District Council agrees to backdate effect of rate fee to when notice of ownership received

Local Government
Ombudsmen Act 1975
Related legislation:
Rating Powers Act 1988
Legislation display text:
Ombudsmen Act 1975; Rating Powers Act 1988
Local Authority
Sir Brian Elwood
Case number(s):
Issue date:

Rating—uniform annual general charges levied on adjoining properties—local authority not notified that adjoining properties were occupied by same ratepayer—application for a refund on the basis that only a single uniform annual general charge was payable—Rating Powers Act 1988, ss 21(1) and 23.

The complainants, a husband and wife, bought their first property in 1980 and both were registered as joint owner/occupier. They bought the adjoining property in 1982, and registered the wife only as the new owner/occupier. The complainants could give no explanation for their decision to register the second property in the wife’s name only. The two properties were occupied by them both and used as a single property.

However, the District Council was unaware that the properties were occupied by the same ratepayer, being registered in different names, and issued rates assessments for both properties, including a uniform annual general charge for each.

In 1998 the complainants were alerted to the fact that adjoining properties owned by the same ratepayer may be subject to only one uniform annual general charge. They wrote to the Council explaining the situation and seeking a refund of all the extra payments made. The Council amended its records to show both properties in joint ownership and waived one uniform annual general charge from 1 July 1997 (the start of the 1997/98 financial year), but declined to backdate the waiver further.

The investigation focused on the Council’s powers, derived from the provisions of the Rating Powers Act 1988, to make, levy and in certain circumstances, waive rates and charges. Section 19 stated that a territorial authority may levy a separate uniform annual general charge on every separately rateable property. However, section 23 provides that where two or more separately rateable properties are contiguous, occupied by the same ratepayer and used jointly as a single property, they shall be deemed to be one property for that purpose. In this case the properties were registered in different names, and the Council had not been advised that they were occupied by the same ratepayer. It therefore appeared that the rates’ assessments prior to 1997 were properly made in accordance with the facts available to the local authority at that time.

There were two bases on which the Council could consider providing the complainants with a remedy for the double payment of uniform annual general charges.

First, sections 116 and 118 of the Act allowed objections to the rates records and an amended assessment of rates where a ‘relevant error’ in the rates records was corrected.  Section 116 set out eight grounds for objections to the rates records.  The most relevant was (f):

 … that the rates on any rateable property are incorrectly computed.

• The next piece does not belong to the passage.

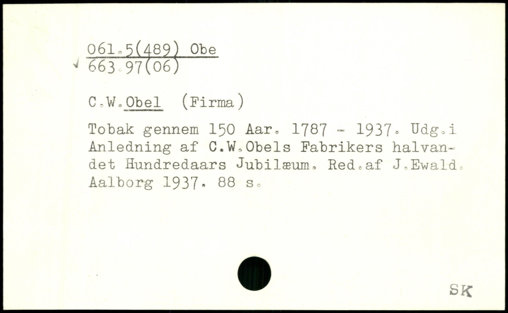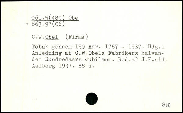 C -W.Obel (Firma) Tobak gennem 150 Aar, 1787 - 1937= Udg.i Anledning af C.V,Obels Fabrikers halvandet Hundredaars Jubilæum. Red,af J-Ewald.-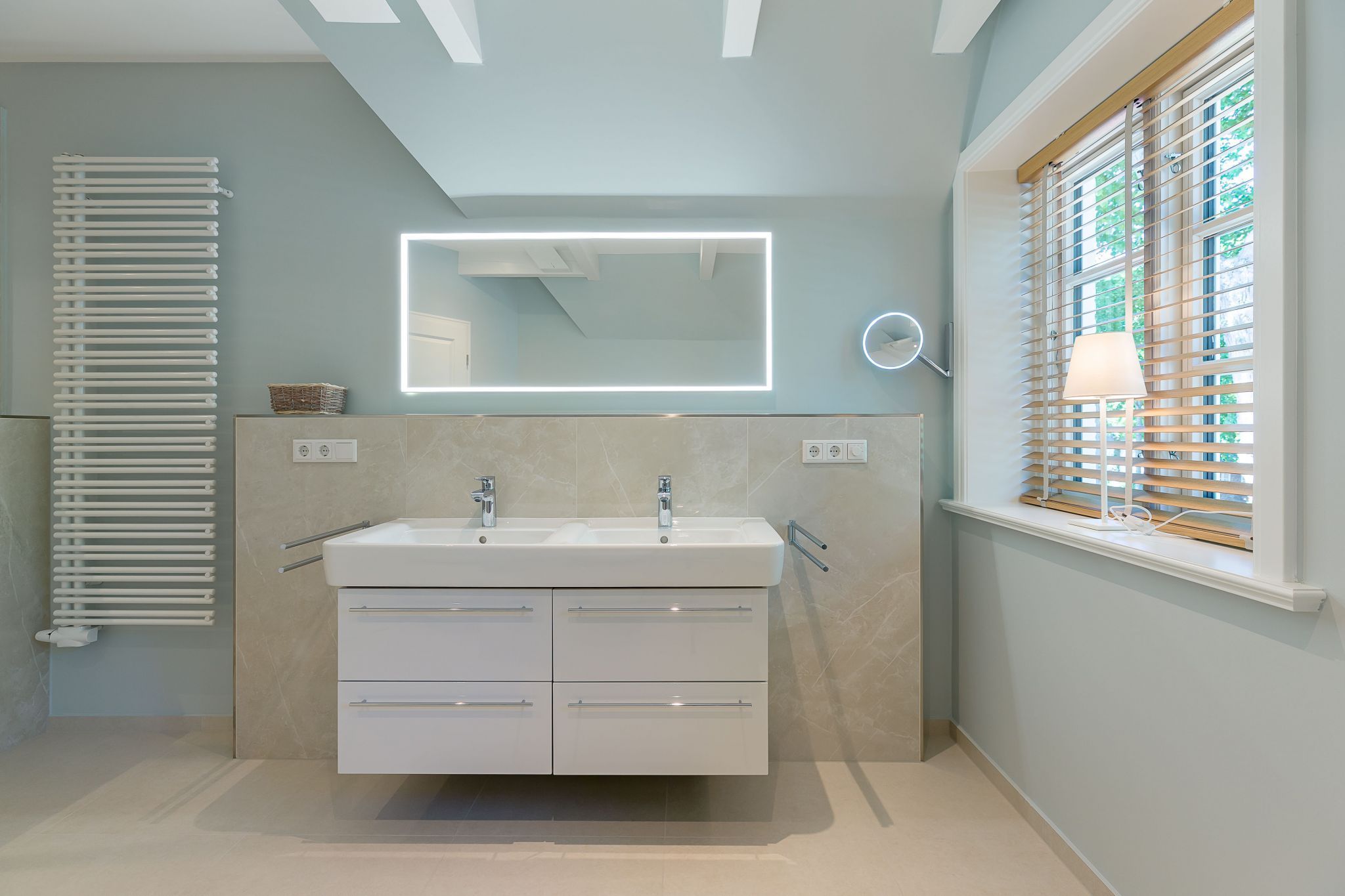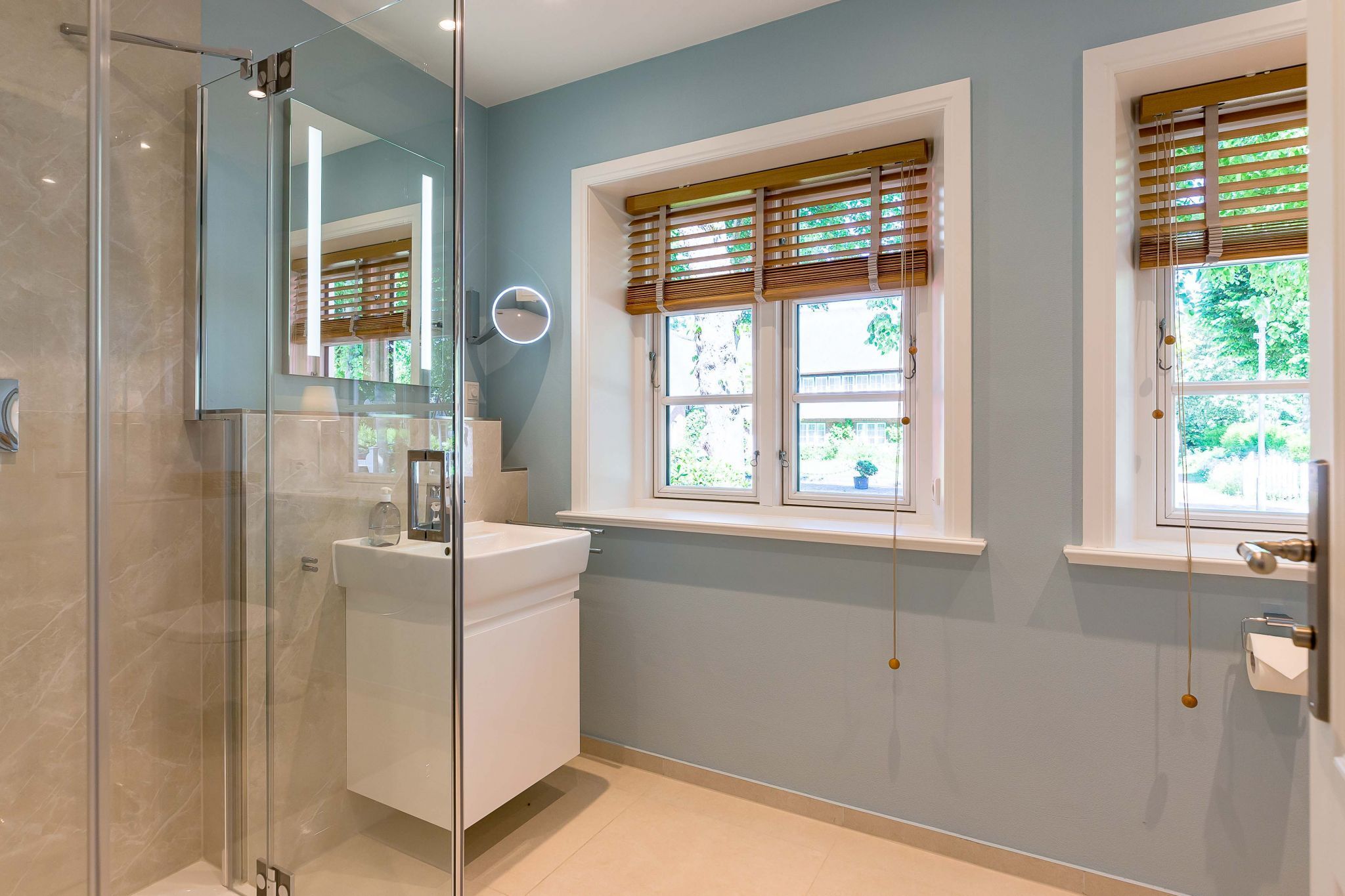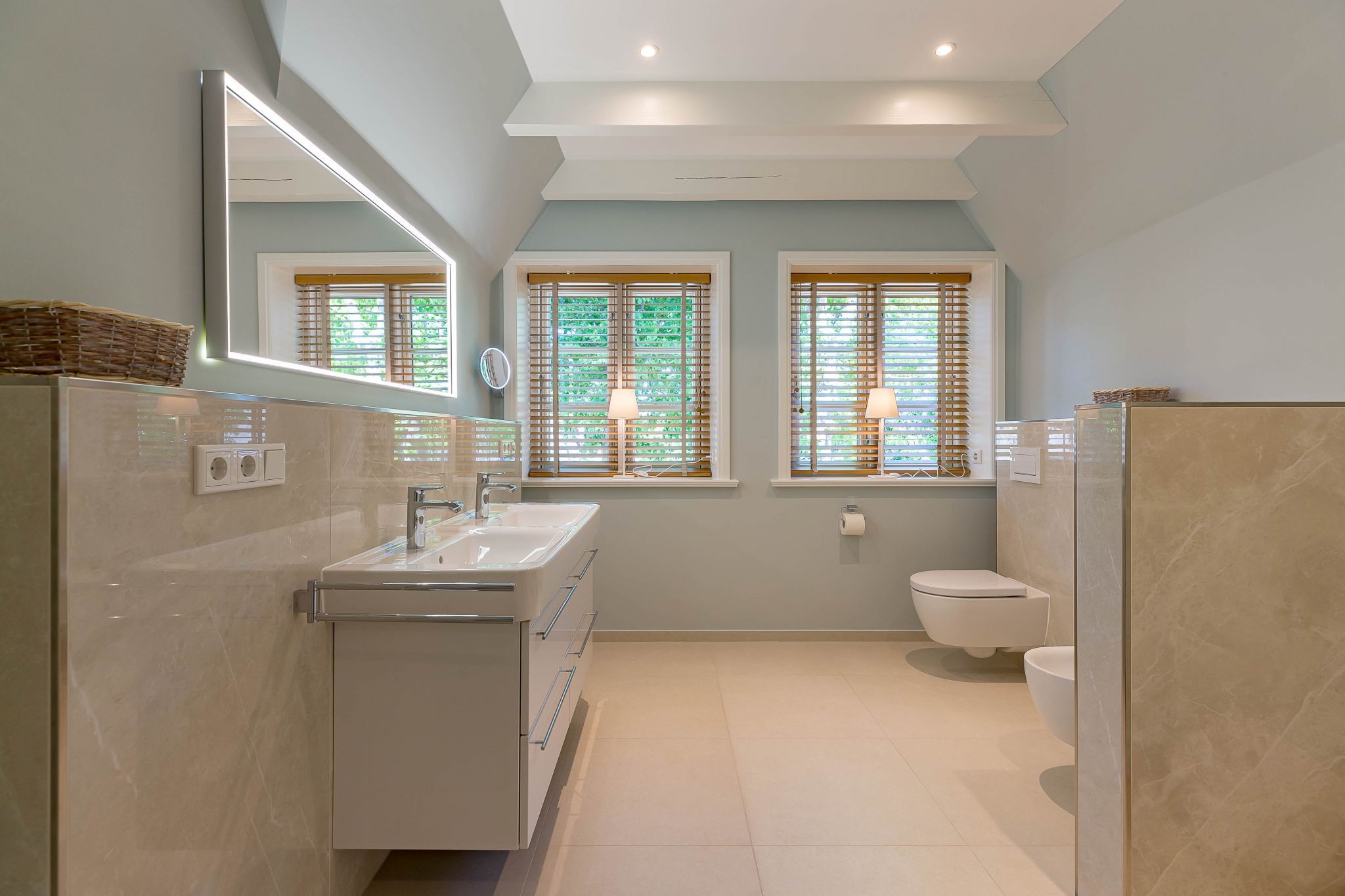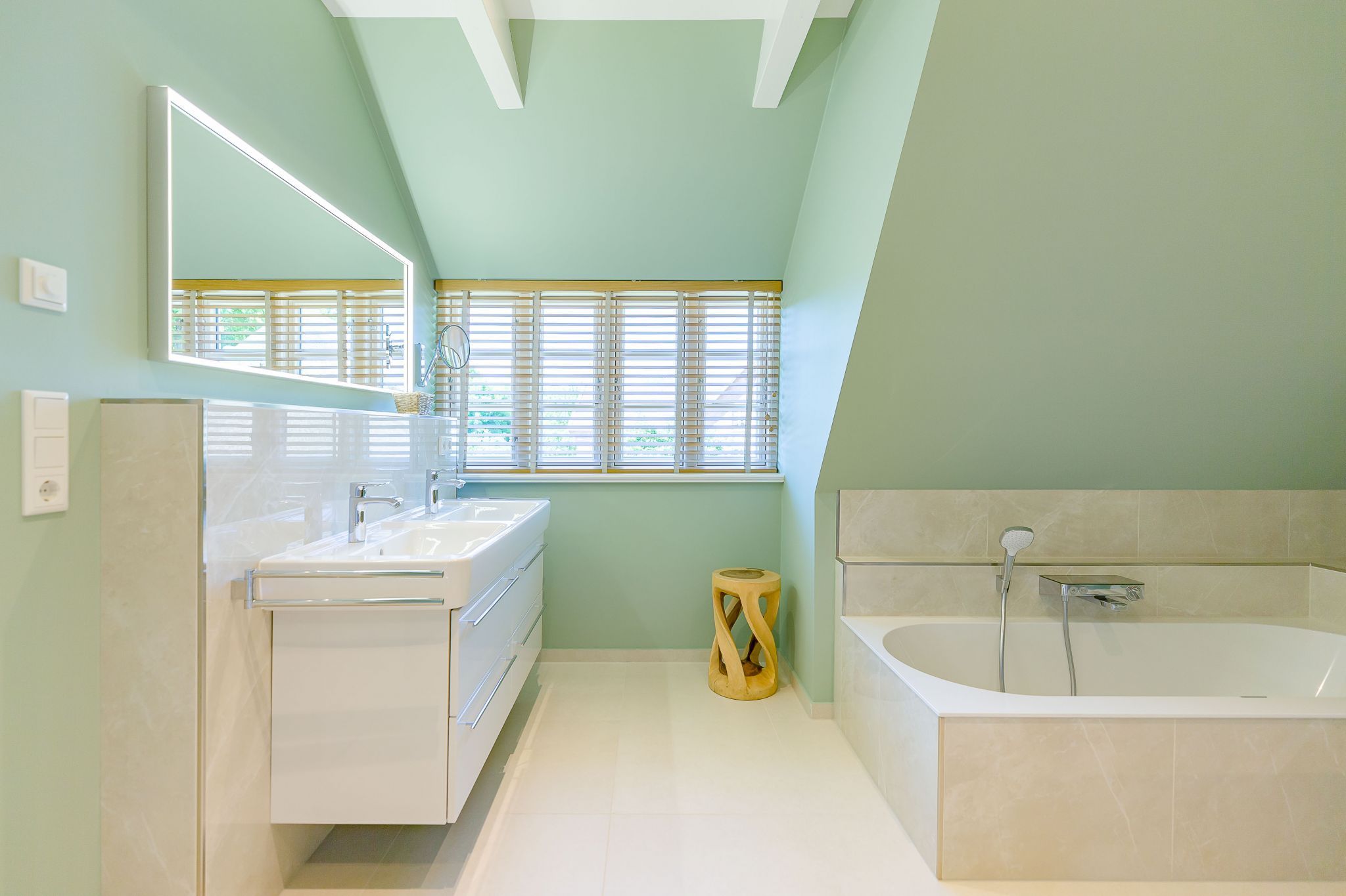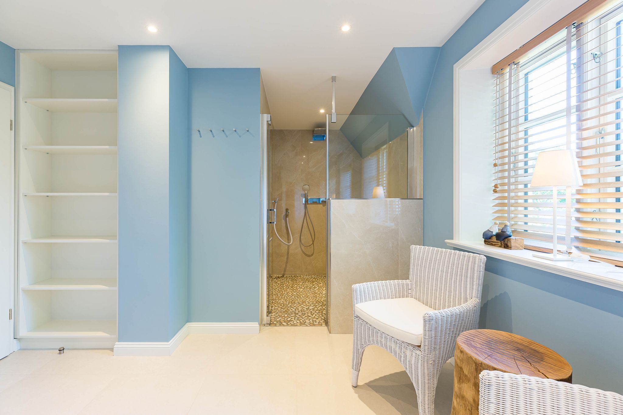 Im Obergeschoss finden Sie zwei weitere großzügige Schlafräume mit offener Kehlbalkendecke und jeweiligem en Suite Bad. Beide Schlafräume sind ebenfalls jeweils mit einem TV und auch einem Schreibtisch ausgestattet. Ein Arbeitszimmer mit Alkoven ist einem Schlafzimmer vorgelagert. Die ebenfalls im Obergeschoss befindliche Sauna mit großer Walk-in Dusche und Kneippgarnitur macht Ihren Wellnesstag zum Erlebnis.

This provision could be narrowly interpreted to encompass only the arithmetic calculation performed on the data held, or more widely interpreted to draw into question the status of calculations made using incorrect data. The Council preferred the narrow interpretation, and as that also seems the more natural meaning it could not be said that the Council had acted unreasonably in deciding that these provisions did not authorise an amended assessment of rates.

The second basis for considering the complainants’ situation was section 21(1) of the Act which allowed any uniform annual general charge to be reduced or cancelled if the local authority considered it reasonable in the circumstances to do so. It was under the authority of this provision that one of the charges in question was waived effective from 1 July 1997.

In the circumstances it was concluded that the Council’s decision not to further backdate the waiver of the charge was reasonable. The Council was initially notified that the two properties were in different ownership. Having then been notified in 1998 that the occupiers were in fact the same, the Council was under no legal obligation to deem the two properties to be one for the purpose of making and levying a uniform annual general charge until the 1998/99 rating year, the financial year following the notification of the change of occupier. However, the Council decided to backdate the effect of the notice of change of ownership to the 1997/98 rating year but considered that further backdating of the waiver would be at a cost to other ratepayers, the Council having already committed the rate revenue received in earlier years. It was considered that the Council’s decision represented a fair compromise in all the circumstances.


The Council provided some general information about the rating system on the rates assessment form.  As it is impossible to outline all the provisions of the Act in the limited space available, a local authority can be expected to draw attention only to those matters which are the subject of the most common inquiries.  The Council could not be criticised for not referring to the provisions of the Rating Powers Act 1988 in greater detail.

This case note is published under the authority of the Ombudsmen Rules 1989. It sets out an Ombudsman’s view on the facts of a particular case. It should not be taken as establishing any legal precedent that would bind an Ombudsman in future.